“Would you please state your full name for the jury?”
“My name is Katherine Meade. I’m called Kate.”
I was standing against the rail at the end of the jury box, trying to draw Kate Meade’s eyes in my direction. “How old are you, Ms. Meade?”
“Thirty-four. Thirty-four years old.”
The jurors had watched Artie Tramm lead her into the courtroom and onto the witness stand. They had all scrutinized her appearance while she stood, fidgeting slightly, facing the clerk as she was administered the oath. Most of them had probably seen her bite her lip and flash a glance in the direction of Brendan Quillian, who returned it with a broad smile.

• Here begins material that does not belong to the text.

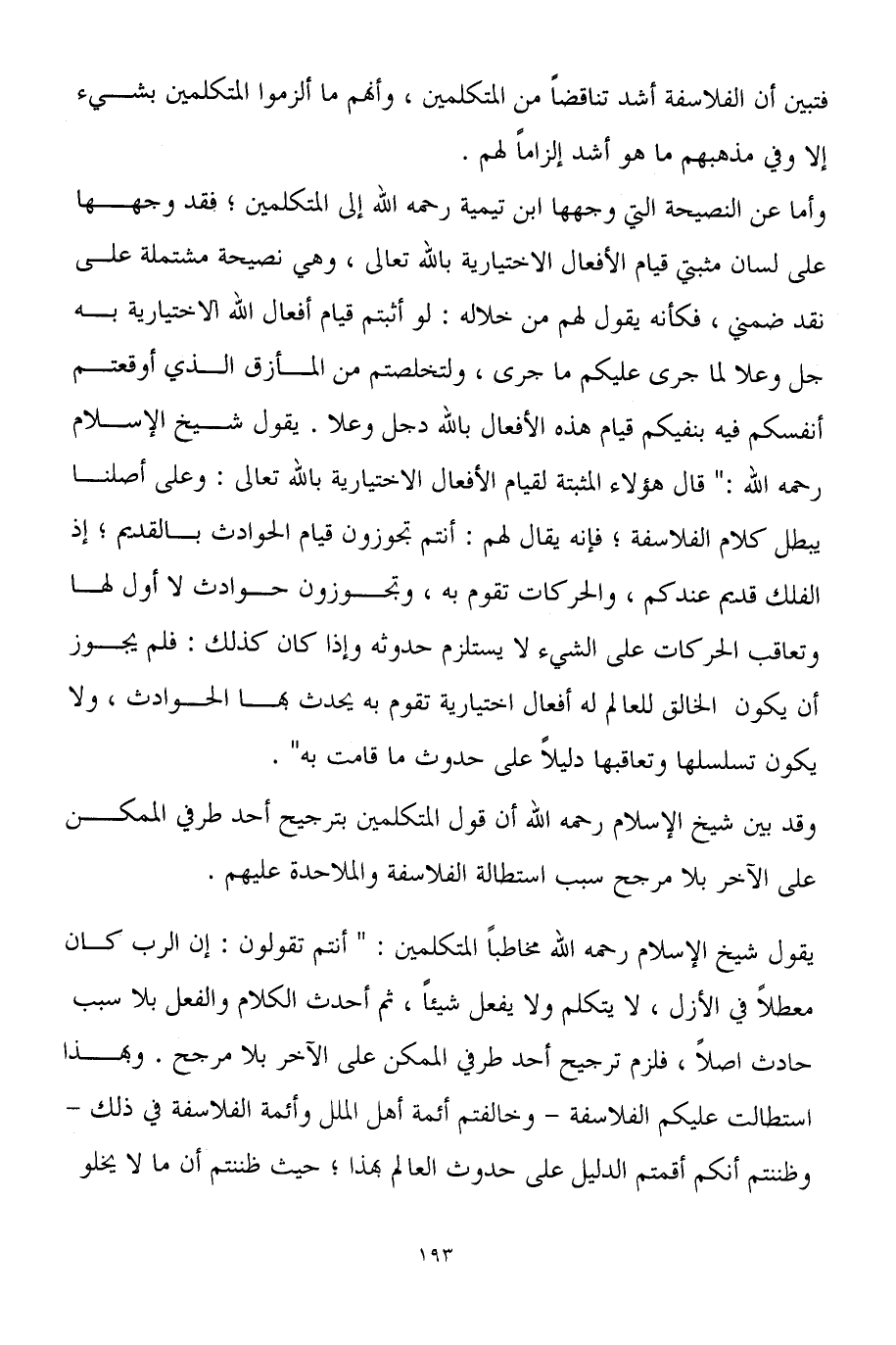 يقول شيخ الإسلام رحمه الله مخاطباً المتكلمين: " أنتم تقولون: إن الرب كان معطلاً في الأزل، لا يتكلم ولا يفعل شيئاً، ثم أحدث الكلام والفعل بلا سبب حادث اصلاً، فلزم ترجيح أحد طرفي الممكن على الآخر بلا مرجح. وبهذا استطالت عليكم الفلاسفة - وخالفتم أئمة أهل الملل وأئمة الفلاسفة في ذلك - وظننتم أنكم أقمتم الدليل على حدوث العالم بهذا؛ حيث ظننتم أن ما لا يخلو

“Are you single or married?”
“Married. I’ve been married for twelve years. My husband is Preston Meade. He’s a banker.”
There was little about Kate Meade that these jurors would relate to. The nine men and three women who’d been impaneled were a mix of working- and lower-class New Yorkers-white, black, Hispanic, and Asian-ranging in age from twenty-seven to sixty-two. The four alternates-three men and one woman-were equally diverse. The business clothes most of them had worn during the selection process had been replaced by T-shirts and cotton blouses, chinos and jeans and capri pants.
“Where do you live, Mrs. Meade? In which county?”
They stared at her well-made-up face, auburn hair pulled back and held securely in place with a tortoiseshell hairband. The pale pink suit-with its short-collared jacket and pencil-thin skirt-seemed as rigid as my witness. I tipped my head toward the jury box, a signal I’d arranged to make her remember that it was to the people sitting in it that she had to tell her story. I wanted her to warm up to her audience and speak more naturally, but her expression was frozen and her anxiety was palpable.
“In Manhattan. New York County. On the Upper East Side,” she said, turning to Judge Gertz. “Do I have to say exactly where-?”
“No, no. No, you don’t.”
Kate Meade exhaled as though relieved not to have to tell anyone who wasn’t a member of the Knickerbocker Club what her address was.
“Do you have any children?”
“We do,” she said, smiling at the foreman for the first time. “We have three children, all in elementary school.”
“Do you work outside the home?”
“No, ma’am. I mean, I volunteer on several boards, but I haven’t been employed since I married Preston.”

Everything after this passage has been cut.